◆ **BRIEF**
Everything in the listing below must be set down again exactly, apart from the pictures.

◆ **GIVEN DATA**
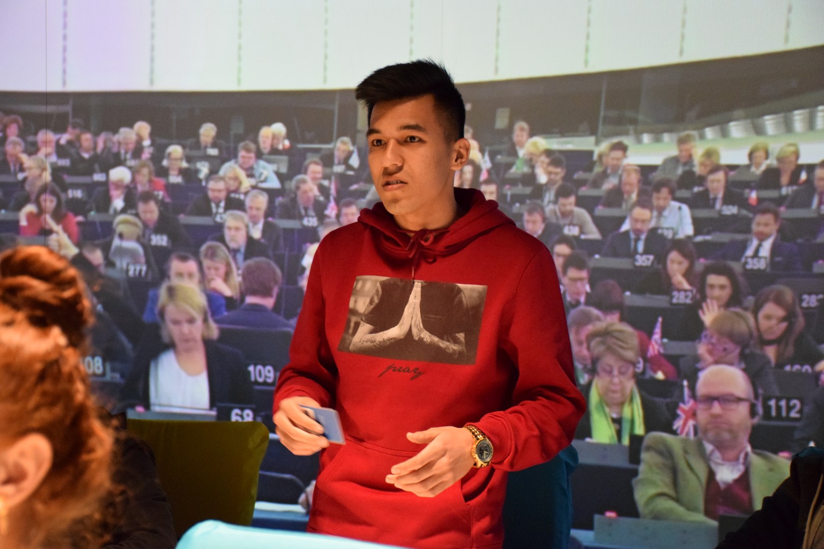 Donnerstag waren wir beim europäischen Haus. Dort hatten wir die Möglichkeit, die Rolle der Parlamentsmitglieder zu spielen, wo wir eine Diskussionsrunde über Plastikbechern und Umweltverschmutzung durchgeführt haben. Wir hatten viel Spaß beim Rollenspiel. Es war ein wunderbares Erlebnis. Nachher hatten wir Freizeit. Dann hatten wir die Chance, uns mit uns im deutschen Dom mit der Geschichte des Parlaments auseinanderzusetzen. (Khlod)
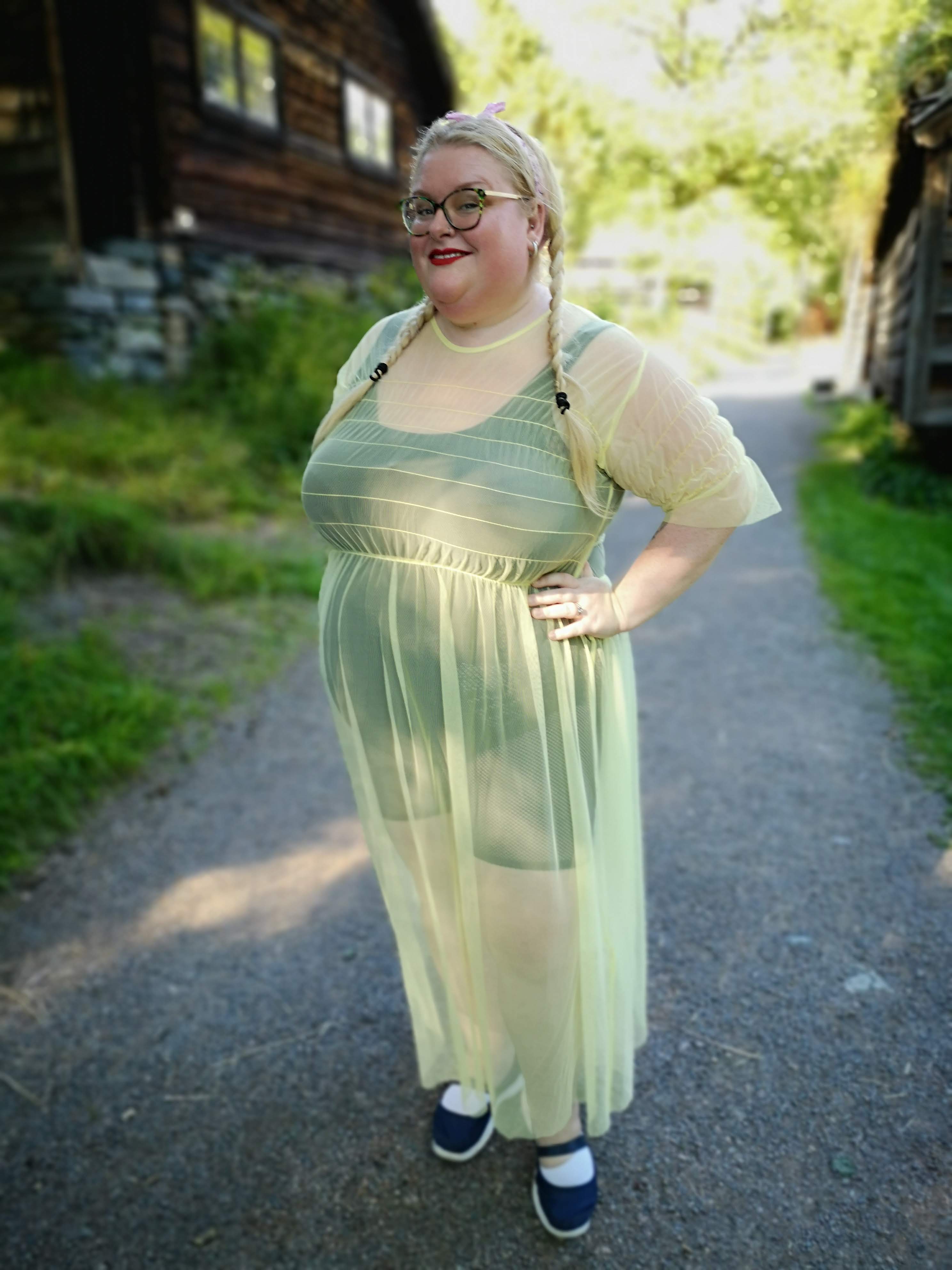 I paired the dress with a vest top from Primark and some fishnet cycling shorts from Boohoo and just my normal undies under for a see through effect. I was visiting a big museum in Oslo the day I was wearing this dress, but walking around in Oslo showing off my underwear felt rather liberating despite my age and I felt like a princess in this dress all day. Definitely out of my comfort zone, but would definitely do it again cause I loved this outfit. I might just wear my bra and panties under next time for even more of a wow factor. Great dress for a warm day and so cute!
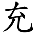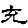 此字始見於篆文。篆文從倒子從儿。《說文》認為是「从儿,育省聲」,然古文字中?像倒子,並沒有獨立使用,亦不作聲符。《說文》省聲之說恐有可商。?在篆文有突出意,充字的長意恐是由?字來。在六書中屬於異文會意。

◆ **OUTPUT OF THE EXERCISE**
 Donnerstag waren wir beim europäischen Haus. Dort hatten wir die Möglichkeit, die Rolle der Parlamentsmitglieder zu spielen, wo wir eine Diskussionsrunde über Plastikbechern und Umweltverschmutzung durchgeführt haben. Wir hatten viel Spaß beim Rollenspiel. Es war ein wunderbares Erlebnis. Nachher hatten wir Freizeit. Dann hatten wir die Chance, uns mit uns im deutschen Dom mit der Geschichte des Parlaments auseinanderzusetzen. (Khlod)
 I paired the dress with a vest top from Primark and some fishnet cycling shorts from Boohoo and just my normal undies under for a see through effect. I was visiting a big museum in Oslo the day I was wearing this dress, but walking around in Oslo showing off my underwear felt rather liberating despite my age and I felt like a princess in this dress all day. Definitely out of my comfort zone, but would definitely do it again cause I loved this outfit. I might just wear my bra and panties under next time for even more of a wow factor. Great dress for a warm day and so cute!
 此字始見於篆文。篆文從倒子從儿。《說文》認為是「从儿,育省聲」,然古文字中?像倒子,並沒有獨立使用,亦不作聲符。《說文》省聲之說恐有可商。?在篆文有突出意,充字的長意恐是由?字來。在六書中屬於異文會意。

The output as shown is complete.